Do pharma HCP portals still matter in a world of AI overviews?

AuthorTeodora Corbu

CategoryPharma Innovation

Executive summary

In a world where AI overviews answer the question before an HCP ever reaches your website, the visitors who do click through are not a diminished audience. They are a self-selected one. They came because the AI answer wasn't enough. That is not a problem to solve. That is an opportunity most pharma organizations are not yet equipped to capture.

Executive summary

Pharma HCP portals are being filtered. AI overviews intercept an increasing share of healthcare professionals' searches. The visitors who still click through to the portal are fewer, but meaningfully more qualified.

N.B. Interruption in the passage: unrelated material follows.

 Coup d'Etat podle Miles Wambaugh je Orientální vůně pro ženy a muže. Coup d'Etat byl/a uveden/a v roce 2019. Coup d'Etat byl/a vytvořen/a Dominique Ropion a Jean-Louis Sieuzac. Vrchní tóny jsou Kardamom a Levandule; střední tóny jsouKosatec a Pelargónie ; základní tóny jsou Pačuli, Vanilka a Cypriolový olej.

The volume loss is real. The value loss is not.

This article examines what the zero-click era actually means for the HCP digital customer journey. Where is the real drop-off is happening? What can pharma leaders do to reassign a portal experience built for the HCP who arrives in 2026?

Key findings

  • According to Ahrefs, click-through rates from search have dropped by up to 58% since 2025

  • HCPs who arrive via AI-cited links tend to be more purposeful

  • Content relevance and login friction are the friction points pharma digital leaders most consistently identify as priorities for improvement

  • Pharma HCP portals face a structural disadvantage in LLM training data due to gating and perceived neutrality concerns

  • The portal's role is shifting from traffic destination to source of truth

What does the zero-click era actually means for pharma HCP portals?

For most of the last decade, pharma digital teams measured portal success in sessions and pageviews. Traffic was the proxy for relevance. The more HCPs arrived, the better the strategy was assumed to be working.

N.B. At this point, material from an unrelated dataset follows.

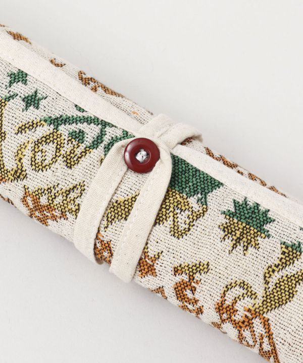 LOVE&PEACEがテーマ。綿産業を支えたガンジーや草花や山をモチーフにした。ネパールの半手織りのジャカード織りが柔らかさをかもし出す。ロングタイプのランチョンマット。キャンプや外遊びでの食事に長めのサイズでフード類をゆったり置ける。ボタンとループ付きなので丸めてループをボタンで留めることができる。

That model is breaking down because the search behavior that fed them has fundamentally changed.

AI overviews, now embedded across Google, ChatGPT, Perplexity, and an expanding range of clinical decision tools, are answering a growing share of the questions HCPs previously had to visit a website to resolve.

Treatment protocols, dosing guidance, mechanism-of-action summaries, and drug interaction checks. The content that once drove meaningful portal traffic is increasingly being surfaced, synthesized, and delivered before a single click occurs.

How AI overviews are intercepting the HCP digital customer journey

The classic HCP digital customer journey assumed a linear path. A healthcare professional encounters a clinical question, searches for information, finds a relevant result, clicks through, and engages with portal content. Each step was an opportunity to inform, to build familiarity, to prompt action.

AI overviews have collapsed the middle of that journey. The search, the result, and a version of the answer now happen in a single moment, before any portal is involved. What remains is a more compressed, higher-stakes interaction. An HCP who has already received a synthesized answer, and is now deciding whether it is sufficient or whether something is missing.

For pharma, this changes the question from "how do we get HCPs to our portal?" to "what does our portal offer that an AI overview cannot?"

The answer requires a clear-eyed view of where genuine value lives.

Why pharma was never fully dependent on search, and what that means now

Unlike consumer health or general medical content, many pharma HCP portals were never primarily built on organic search traffic. Compliance constraints around promotional content in search results led many organizations to rely instead on direct channels to drive HCPs into gated environments.

For these organizations, the zero-click shift is less of an emergency and more of a structural clarification. Search was never the main door. What AI overviews are doing is revealing how dependent the wider digital health ecosystem has become on a channel that pharma largely bypassed.

The implication is significant: pharma digital leaders are, in some respects, better positioned than their counterparts in other sectors to adapt, provided they redirect their attention from traffic recovery to experience quality. The HCPs still arriving deserve a journey worth completing.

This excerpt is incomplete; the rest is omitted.